L.A. officials made the decision to perform DNA testing on all of the nearly 11,000 SAKs in the LAPD and LASD property rooms. They found additional funding (including through NIJ's Backlog Reduction Grant Program) to outsource the testing to private labs.

This situation presented NIJ with a unique opportunity. All around the country, jurisdictions were realizing that large amounts of untested evidence in alleged sexual assault cases had not been sent to a laboratory for testing. The problem was that no one knew if there would be value — in terms of solving crimes and garnering justice for the victims and society — in testing them.

To help address this issue, NIJ funded researchers at California State University, Los Angeles, to look at two random samples. In the first, they looked at 1,948 cases to determine how successful testing would be in detecting a DNA profile that could be uploaded to the Combined DNA Index System (CODIS). The researchers also examined a second, smaller sample (371 cases from the first sample) to determine the impact DNA testing had on case adjudications in the first six months after kits were tested. Finally, the researchers conducted focus groups with LAPD and LASD detectives, prosecutors and lab analysts.

Testing Results and Case Characteristics

One of the primary goals of the study was to help answer these questions with respect to the untested SAKs in L.A.:

  • What kind of evidence did the SAKs contain, and what would DNA testing reveal?
  • How frequently was semen identified?
  • How frequently was a male DNA profile obtained?
  • How many profiles were uploaded to CODIS, and how many "hits" resulted?

Figure 1 presents the findings of a randomly selected 20 percent sample (1,948 cases) in the L.A. study. The dark blue line at the top shows the total 1,948 cases that were studied. As the cases moved through DNA testing — going from the top of the diagram to the bottom — some yielded results that could help investigators solve cases, and some did not. Obviously, one important "bottom line" of any CODIS hit is whether the hit provides a true investigatory lead that might help solve a case; the dark blue boxes at the bottom of the figure represent the cases in which DNA testing yielded investigative leads.

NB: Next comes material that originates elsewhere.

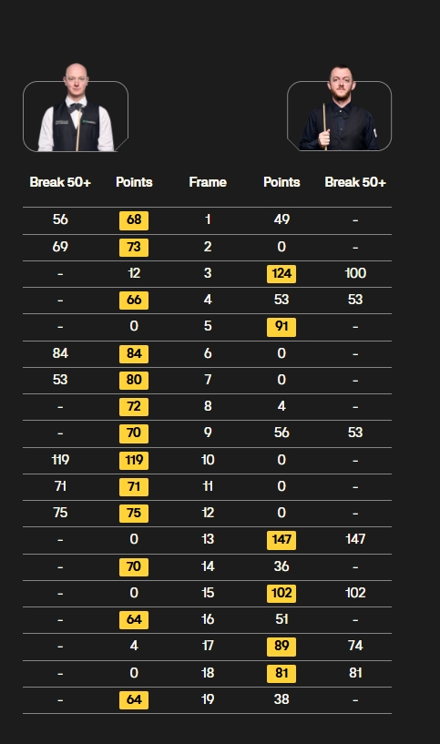第二阶段韦克林连胜将比分扩大至10-2,艾伦在第13局打出职业生涯第5杆147,韦克林随后率先到达赛点12-4领先艾伦。
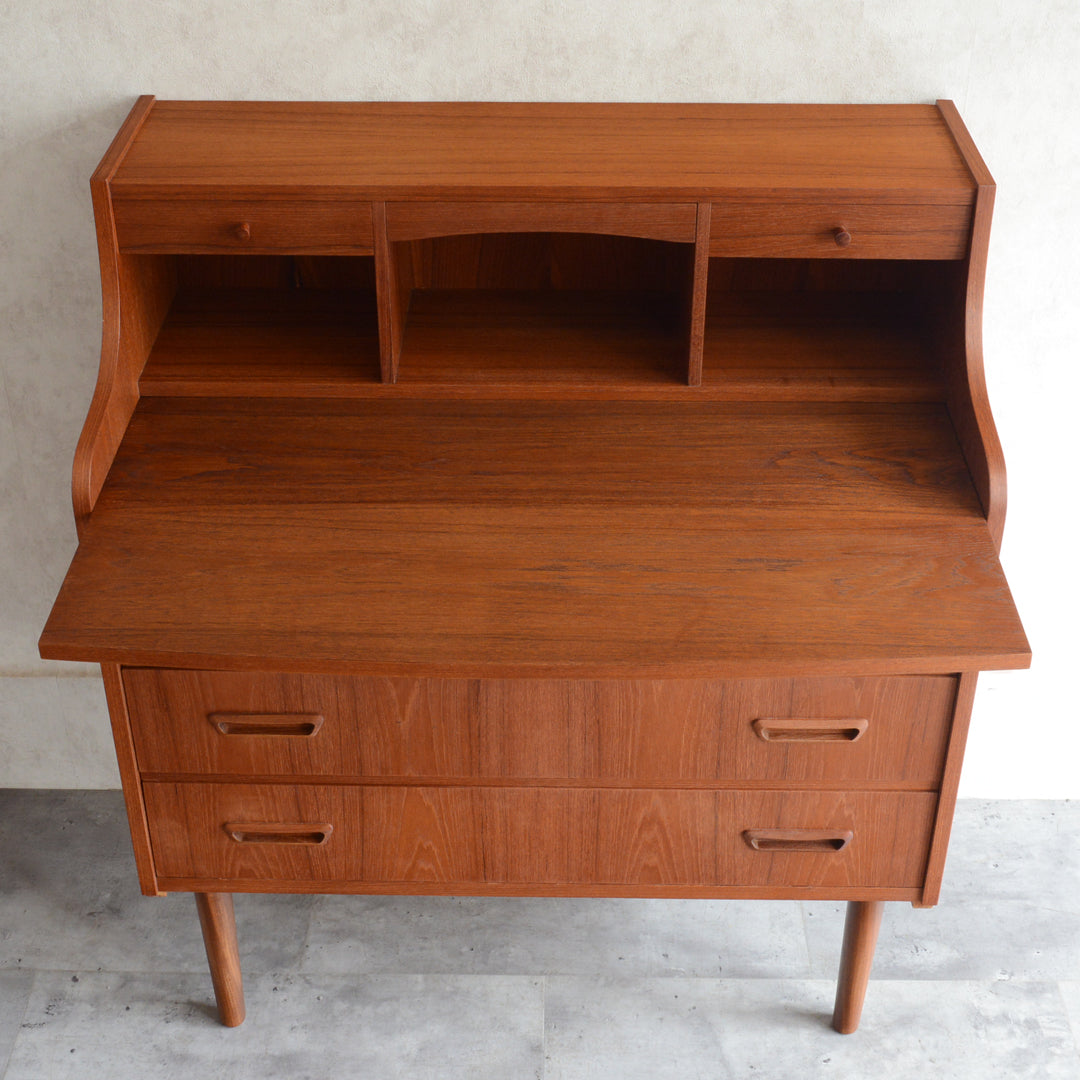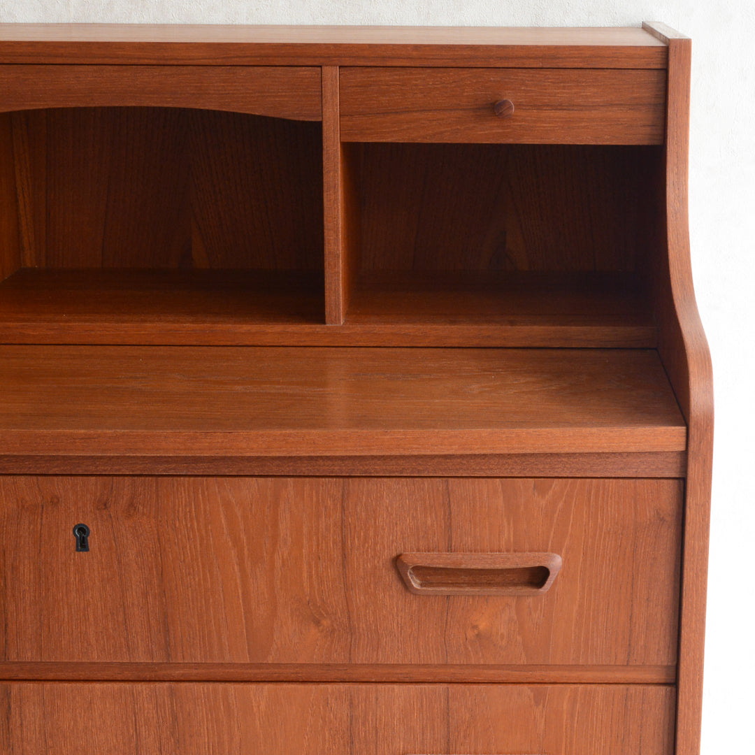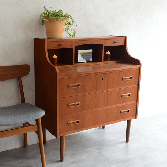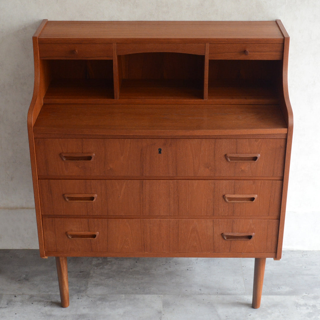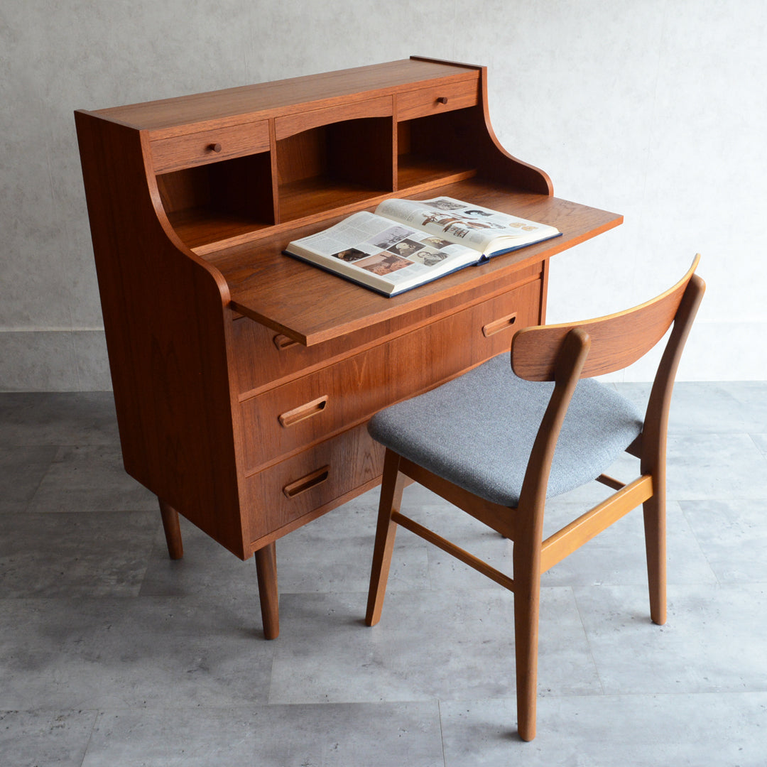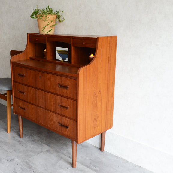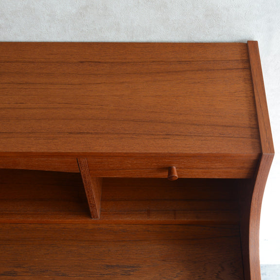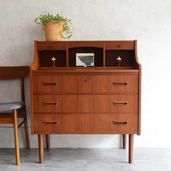 北欧のビューローは机の天板を開くのでは無く、スライド式に手前に引くタイプが多くみられます。デスクとして使用しない時間は天板を押し込んで飾り棚付きのチェストになるので、リビングでも美観を損なうこと無くお使い頂けます。

Figure 1: Results from the L.A. Study's Large Case Sample
View larger image and text description

When the 1,948 SAKs were screened for DNA, DNA was present in 68 percent of the cases (1,320 cases, shown in light blue on the diagram's second line). DNA was not present, however, in 32 percent of the cases (628 cases, shown in gray on the second line), so the lab did not further test these.

The third line shows that "foreign" DNA — DNA from someone other than the alleged victim — was found in 81 percent of the cases in which there was DNA (shown in light blue). In 19 percent of the cases in which there was DNA, however, no foreign DNA was found (shown in gray).

Moving down the graph to the fourth line, 65 percent of the cases in which there was foreign DNA yielded profiles that were able to be uploaded into CODIS (699 cases, shown in blue). However, 35 percent of the cases in which there was foreign DNA did not yield a profile that was able to be uploaded into CODIS (371 cases, shown in gray).

Of the 699 cases that were uploaded into CODIS, about half resulted in hits (347 cases, blue segment), and about half did not (352 cases, gray segment). It is important to understand that even though there were hits in only half of the L.A. sample cases that were uploaded to CODIS, it is not known whether the profiles that did not result in hits may match future cases.

There are two kinds of hits when a DNA profile matches a profile in CODIS: an "offender" hit and a "case-to-case" hit.

In the 347 cases in which there was a CODIS hit, 92 percent (320 cases) were "offender" hits (the right branch), and 8 percent (27 cases) were "case-to-case" hits (the left branch).

Offender Hits

Of the 320 offender hits, 28 percent (90 cases) merely re-identified the semen donor who had already been convicted of or had pled guilty to the very crime represented by the kit — without the SAK having been tested. His DNA was entered into CODIS upon his conviction (or arrest), and this CODIS hit was to this same, previous case. Therefore, these hits, depicted in the gray segment as "already convicted (redundant)" on the diagram, did not yield any new information that could help in a particular investigation.

Of the 320 offender hits, 72 percent (230 cases) were to someone who had been arrested for or convicted of another crime. These hits can be to an identified offender (what law enforcement calls a "warm" hit) or to an unidentified offender (what law enforcement refers to as a "cold" hit). An identified offender hit is when the profile matches a named suspect, someone whose identity was already known or who was arrested in the case. DNA testing for an identified offender hit does not yield any additional investigative information that law enforcement could follow up on, unless the suspect denies sexual contact. An unidentified offender hit occurs when the profile matches an arrestee or convicted offender whose identity was previously unknown — these, indeed, could yield new investigative information.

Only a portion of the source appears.